奖励模型(reward model)是强化学习的基础，如果说pretrain是背书的话，sft就是背题，而rlhf则可以看作是有老师批改作业的学习，奖励模型(reward model)就是那个老师，他会告诉语言模型(policy model)什么是好的回答，什么是差的回答，然后语言模型(policy model)就会向好的方向学习，而远离差的方向。

1.Reward model 的学习

（1）模型的类型

首先，奖励模型可以是任意的语言模型，不必跟policy模型一样，甚至可以是BERT这种判别式模型，因为它用到的仅是模型文本分类任务AutoModelForSequenceClassification。

（2）数据格式

其次我们看下学习奖励模型的数据格式。

image.png

没错，奖励模型的学习数据是样本对，它们是同一条prompt的2条不同response的标记。这标记可能来自对战平台上用户的评价，也有可能是来自更先进模型例如gpt4-o的评估。一个样本对包含一个好的样本(chosen)，一个差的样本(rejected)。当然这种好差是相对来说的，可以是根据样本的排名得来的，排在前面的是chosen，排在后面的是rejected。也可以根据得分(score)分配而来，分高的是chosen，分低的是rejected。得分(score)不是必须的，有分数可以在计算margin的时候使用（见后面loss的计算）。

需要注意的是这里的chosen和rejected都是包含prompt的，有的数据chosen和rejected仅有response，prompt是一个单独的column，训练前需要先拼接到一起。

（3）loss的计算

RewardTrainer其他部分没什么好说的，主要看下loss就行了。
https://github.com/huggingface/trl/blob/main/trl/trainer/reward_trainer.py#L264

def compute_loss(
        self,
        model: Union[PreTrainedModel, nn.Module],
        inputs: Dict[str, Union[torch.Tensor, Any]],
        return_outputs=False,
    ) -> Union[torch.Tensor, Tuple[torch.Tensor, Dict[str, torch.Tensor]]]:
        if not self.use_reward_data_collator:
            warnings.warn(
                "The current compute_loss is implemented for RewardDataCollatorWithPadding,"
                " if you are using a custom data collator make sure you know what you are doing or"
                " implement your own compute_loss method."
            )
        rewards_chosen = model(
            input_ids=inputs["input_ids_chosen"],
            attention_mask=inputs["attention_mask_chosen"],
            return_dict=True,
        )["logits"]
        rewards_rejected = model(
            input_ids=inputs["input_ids_rejected"],
            attention_mask=inputs["attention_mask_rejected"],
            return_dict=True,
        )["logits"]
        # calculate loss, optionally modulate with margin
        if "margin" in inputs:
            loss = -nn.functional.logsigmoid(rewards_chosen - rewards_rejected - inputs["margin"]).mean()
        else:
            loss = -nn.functional.logsigmoid(rewards_chosen - rewards_rejected).mean()
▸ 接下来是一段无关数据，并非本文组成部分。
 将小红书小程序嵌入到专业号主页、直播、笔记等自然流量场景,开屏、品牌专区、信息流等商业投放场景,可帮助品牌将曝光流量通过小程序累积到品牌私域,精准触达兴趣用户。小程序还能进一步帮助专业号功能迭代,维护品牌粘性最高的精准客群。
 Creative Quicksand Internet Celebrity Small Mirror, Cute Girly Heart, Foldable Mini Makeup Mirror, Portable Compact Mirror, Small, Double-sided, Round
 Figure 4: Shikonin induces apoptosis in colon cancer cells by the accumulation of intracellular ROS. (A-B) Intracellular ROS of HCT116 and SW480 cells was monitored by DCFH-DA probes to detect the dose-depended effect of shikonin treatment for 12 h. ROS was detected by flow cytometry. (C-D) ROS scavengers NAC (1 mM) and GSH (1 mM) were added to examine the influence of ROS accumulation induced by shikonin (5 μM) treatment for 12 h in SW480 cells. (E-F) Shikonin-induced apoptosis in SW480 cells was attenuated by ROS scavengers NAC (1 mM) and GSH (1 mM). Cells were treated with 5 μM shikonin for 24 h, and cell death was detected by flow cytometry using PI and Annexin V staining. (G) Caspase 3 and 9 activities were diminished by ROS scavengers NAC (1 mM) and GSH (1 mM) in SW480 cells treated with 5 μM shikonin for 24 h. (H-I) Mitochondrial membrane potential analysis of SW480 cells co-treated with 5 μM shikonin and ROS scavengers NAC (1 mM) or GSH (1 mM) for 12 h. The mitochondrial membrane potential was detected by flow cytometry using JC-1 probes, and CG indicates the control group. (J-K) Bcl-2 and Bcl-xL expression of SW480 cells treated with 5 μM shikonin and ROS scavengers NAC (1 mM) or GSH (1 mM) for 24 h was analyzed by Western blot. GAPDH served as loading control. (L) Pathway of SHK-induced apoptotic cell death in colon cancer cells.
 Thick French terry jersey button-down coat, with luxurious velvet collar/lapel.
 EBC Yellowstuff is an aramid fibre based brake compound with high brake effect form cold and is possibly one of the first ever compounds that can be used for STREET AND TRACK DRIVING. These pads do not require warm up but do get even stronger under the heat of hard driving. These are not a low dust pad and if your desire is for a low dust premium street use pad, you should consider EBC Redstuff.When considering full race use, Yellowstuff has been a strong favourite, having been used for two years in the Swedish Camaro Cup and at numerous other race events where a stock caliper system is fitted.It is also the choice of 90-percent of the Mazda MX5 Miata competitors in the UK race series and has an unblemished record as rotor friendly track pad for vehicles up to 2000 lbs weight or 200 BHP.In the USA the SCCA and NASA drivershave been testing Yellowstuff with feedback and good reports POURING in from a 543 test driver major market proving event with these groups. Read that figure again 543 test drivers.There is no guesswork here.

        if self.args.center_rewards_coefficient is not None:
            loss += self.args.center_rewards_coefficient * torch.mean((rewards_chosen + rewards_rejected) ** 2)
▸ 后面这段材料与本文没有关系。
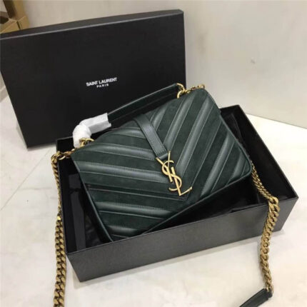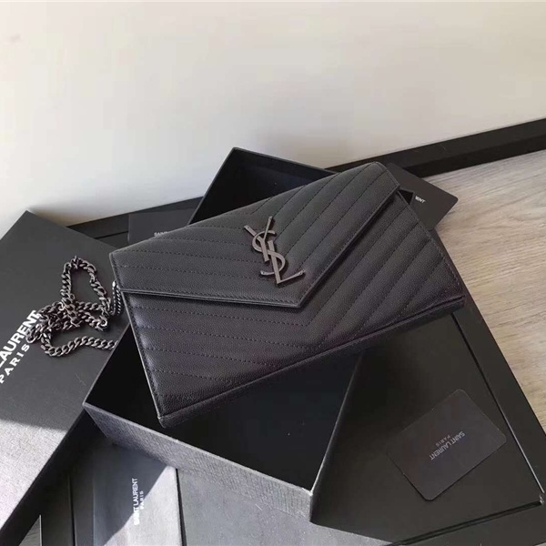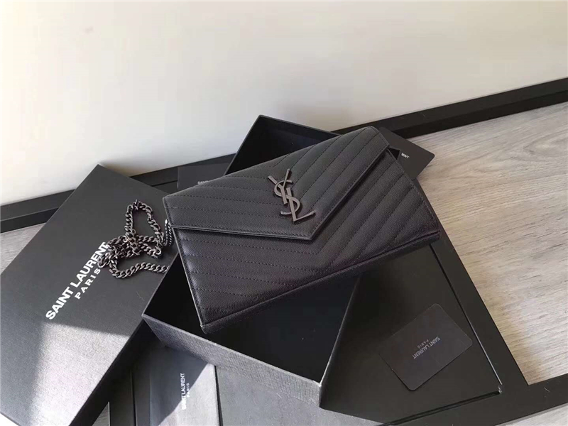 - 结构:前包盖子母扣开合,三个内部隔层,YSL标志搭扣,可拆卸皮革金属链
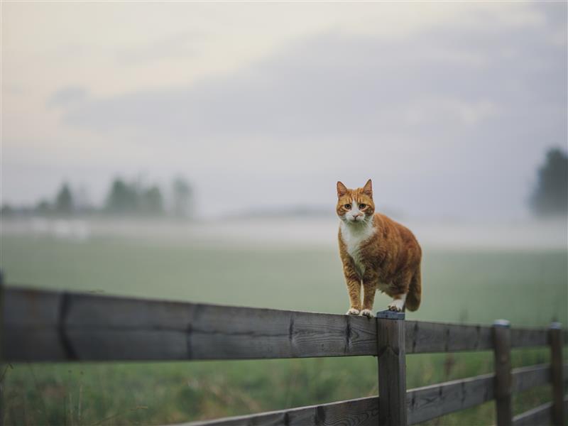 - Neighbour’s cat sits on the fence and stares at them.
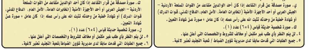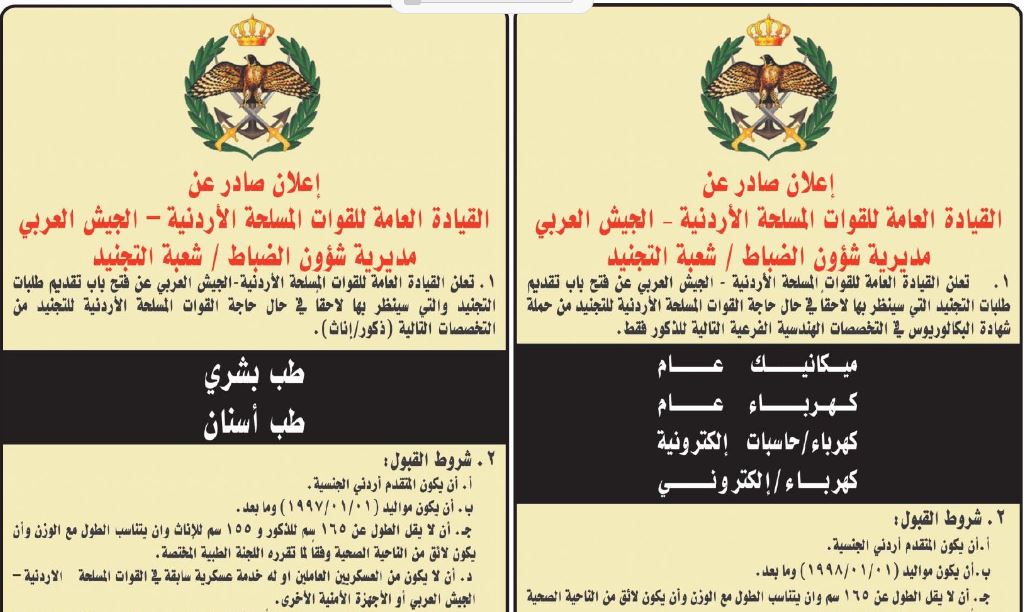 أعلنت القوات المسلحة الأردنية، اليوم الأحد، عن فتح باب التجنيد لحملة شهادة البكالوريوس في التخصصات المعلنة أدناه.
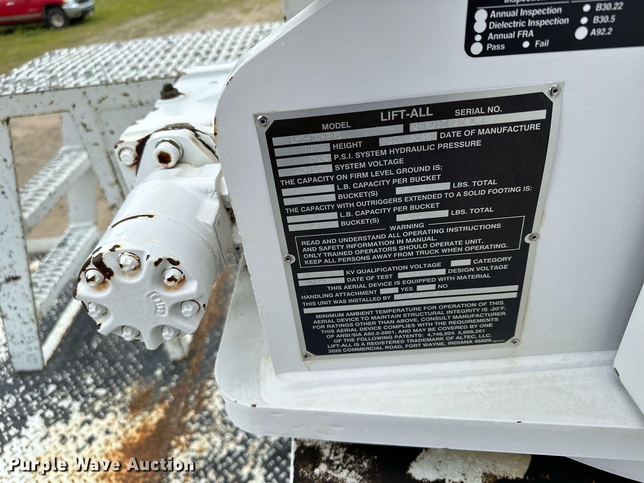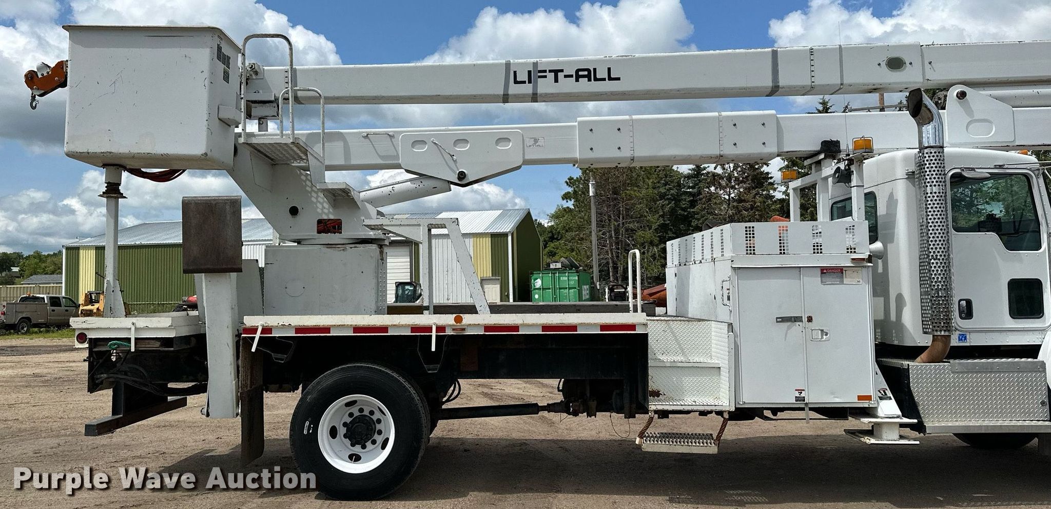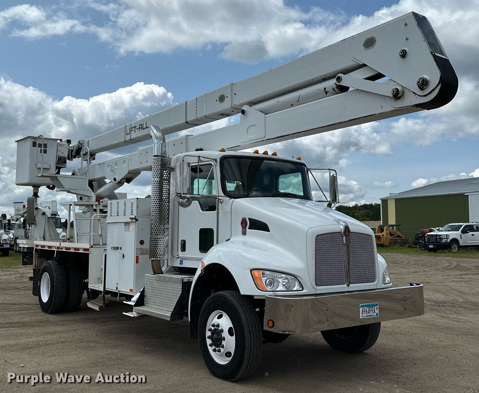 2010 Kenworth T370 bucket truck. Miles: 46,500 on odometer, Hours: 7,312 on meter, VIN: 2NKHHM7X4AM265657. Engine Paccar PX-6 260, Displacement: 6.7L, Cylinders: 6, Fuel type: Diesel, HP: 260. Transmission Allison 3500RDS, Automatic. Chassis Four wheel drive, Axles: Single, Suspension: Spring, Brakes: Air, PTO, GVWR: 33,000 lbs. Interior AC, Heat, Heated mirrors, Power windows, Power locks, Cruise control, Auxiliary controls. Features Bed Altec, Serial: 47-15084524, 28' 6" L x 8' W, Boom 2009 Lift All LM-70-2MS, Serial: 9639070970LM, Boom length: 70', Mast height: 70', Maximum lift capacity: 600 lbs, Maximum lift height: 70', Boom type: Articulating, Man basket, Boom controls Ground, Platform/ basket, Material handler, Certification valid through: 03/22. Tires Front: 295/75R22.5, 275/80R22.5, Rear: 11R22.5. Notes Contents not included. Minnesota title. Title distribution may be delayed up to 14 days from verification of funds. Midwest Powerline Construction LLC. 1435 Sinclair Lewis Avenue. Sauk Centre, MN 56378

        if return_outputs:
            return loss, {
                "rewards_chosen": rewards_chosen,
                "rewards_rejected": rewards_rejected,
            }
        return loss

loss 计算公式

其中上面的公式对应下面的代码

if "margin" in inputs:
    loss = -nn.functional.logsigmoid(rewards_chosen - rewards_rejected - inputs["margin"]).mean()

µˆ(x, y)代表margin函数，即代码里的inputs["margin"]，在实践中很多研究人员倾向于不把margin添加进loss, 因为评分的主观性太强。如果要加，margin function可以自行构造，这里的score_chosen和score_rejected是该sample的评分。

def add_margin(row):
    # Assume you have a score_chosen and score_rejected columns that you want to use to compute the margin
    return {'margin': row['score_chosen'] - row['score_rejected']}

dataset = dataset.map(add_margin)

另外，在许多情况下，最好确保奖励模型的输出均值为零。这种中心化约束通过使奖励的平方和最小化实现，center_rewards_coefficient是约束系数。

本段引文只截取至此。